I think the small size of the dataset may be the issue. GAN pretty much requires a large dataset to train. Try checking Kaggle or some other database to get RGB images. I am adding one for metasurface images:

In this, there are at least 18770 images of the metasurface. Check with this. If you want, you can remove some images for memory constraints.

@mass_of_15

The original dataset of Dilbert comics has 15000 images (I have it), but I use only a part of it (300images) because with standard GAN the model works really well also with 300 images. Although the quantum GAN model does not work with 300 images both greyscale and RGB.

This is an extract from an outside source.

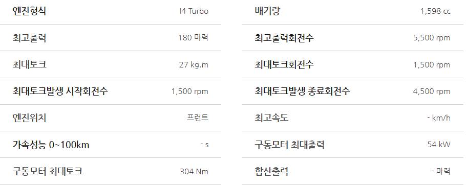 정확한 성능 제원은 모델 연식과 트림에 따라 다를 수 있으므로, 기아자동차 홈페이지 또는 가까운 전시장에서 확인하는 것이 좋습니다. 일반적으로 1.6L 가솔린 터보 엔진과 전기 모터의 조합으로 구성되어 있으며, 준수한 성능을 발휘합니다.

I can try to run our GAN quantum model with the entire dataset of 15000 images 64x64 and batch size=16 or 32… i can try both with rgb and greyscale images.

Did you try our rgb quantum model with a larger dataset of 64x64 images? Does it work?

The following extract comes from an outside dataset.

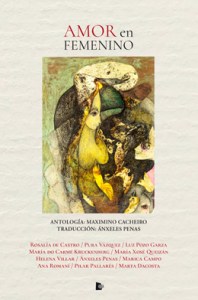 Da man de Ánxeles Penas recibe o Caderno da crítica este Amor en femenino, editado polo selo editorial Manuscritos. É este un libro publicado hai tempo en lingua galega, que presentaba unha escolma de poemas de amor realizados por mulleres a cargo de Maximino Cacheiro e que agora Ánxeles Penas traduce ao castelán. A antoloxía inclúe voces que van desde Rosalía de Castro, pasando por Pura Vázquez, Luz Pozo Garza, María do Carme Kruckenberg, María Xosé Queizán, Helena Villar, a propia Ánxeles Penas, Marica Campo, Ana Romaní e Pilar Pallarés ata a voz de Marta Dacosta. Os mellores desexos para a divulgación, fóra de Galicia, da nosa poesía de autoría feminina.

Did you also try the greyscale quantum model with a different dataset (not handswritten digit) with 64x64 images? Does it work?

Yes. I used the dataset from the GitHub link below and used quantum GAN. It worked perfectly fine. I did it with both grayscale and color images. The results were good. Why don’t you try with the dataset in the below GitHub link?

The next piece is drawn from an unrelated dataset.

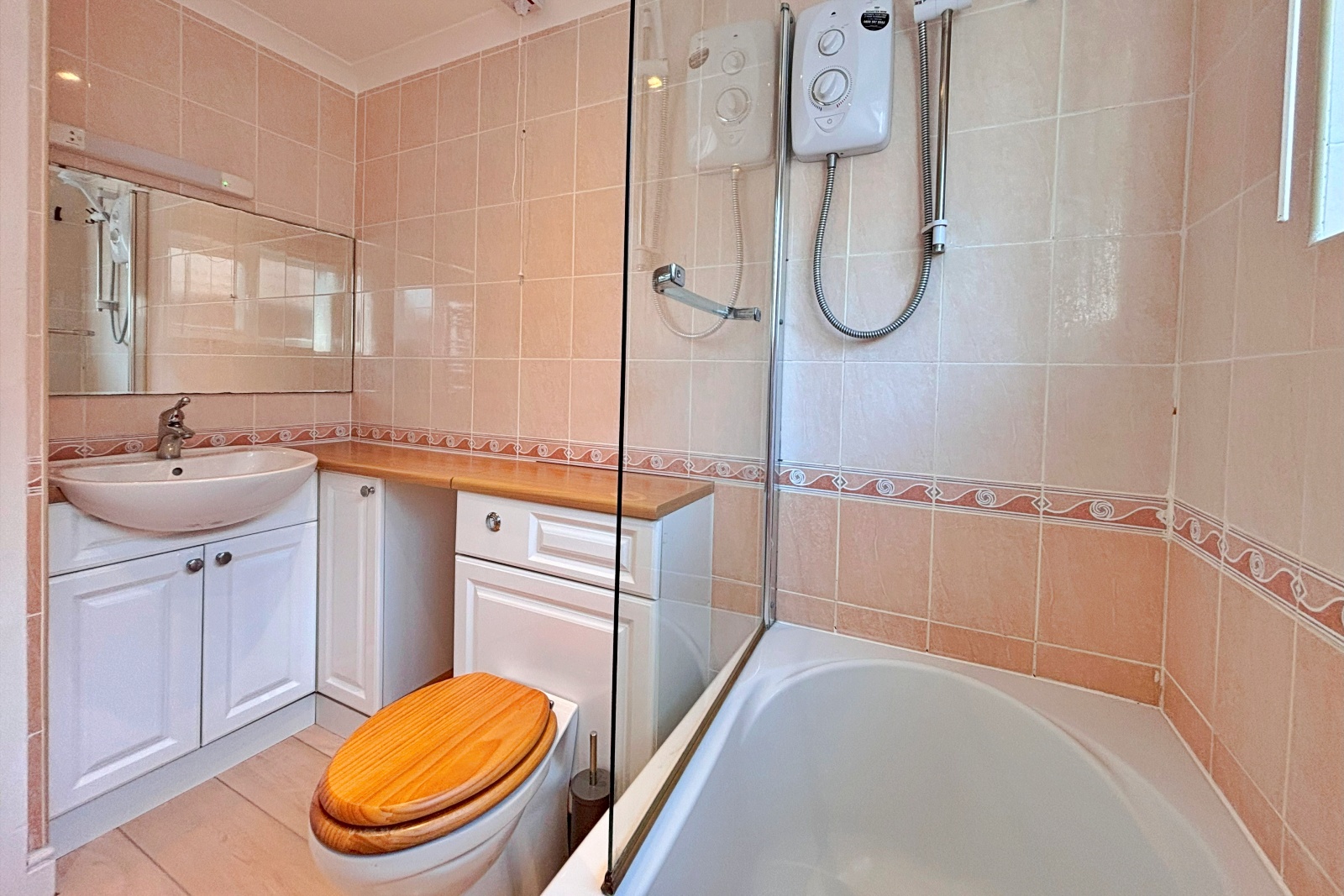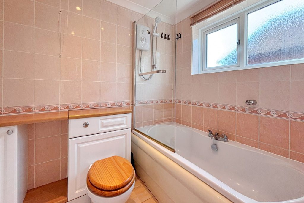 The bathroom has fully tiled walls and comprises a three piece suite including bath with shower over WC and wash basin.

@isaacdevlugt, In the PennyLane tutorial for Quantum GAN (Quantum GANs | PennyLane Demos), can you give me the reference for the nonlinear transform? Are there any research articles on the same?

Ok super! What kind of discriminator did you use? And 12 qubits with the three colour separated? 64x64 size images? How many epochs?

Can you post here the entire code?

I can try with this dataset thank you

I tried with the dataset from your link but It does not work. The output image is always an ensemble of coloured points. Can you share all the code of your GAN for both RGB and grayscale images, please? So I can compare the parameters and architecture with mine and find the difference. Thank you

Hi @mass_of_15,

I found this paper on nonlinear transformations in quantum computation. It’s not specifically about GANs but it can give you some context on the topic.

I hope this helps you!

@mass_of_15 These are my results after 1000 epochs with the dataset that you suggested me (metasurface_inverseDesign link) and quantum GAN: the demo for greyscale and the model modified for RGB. The model does not work also with this dataset.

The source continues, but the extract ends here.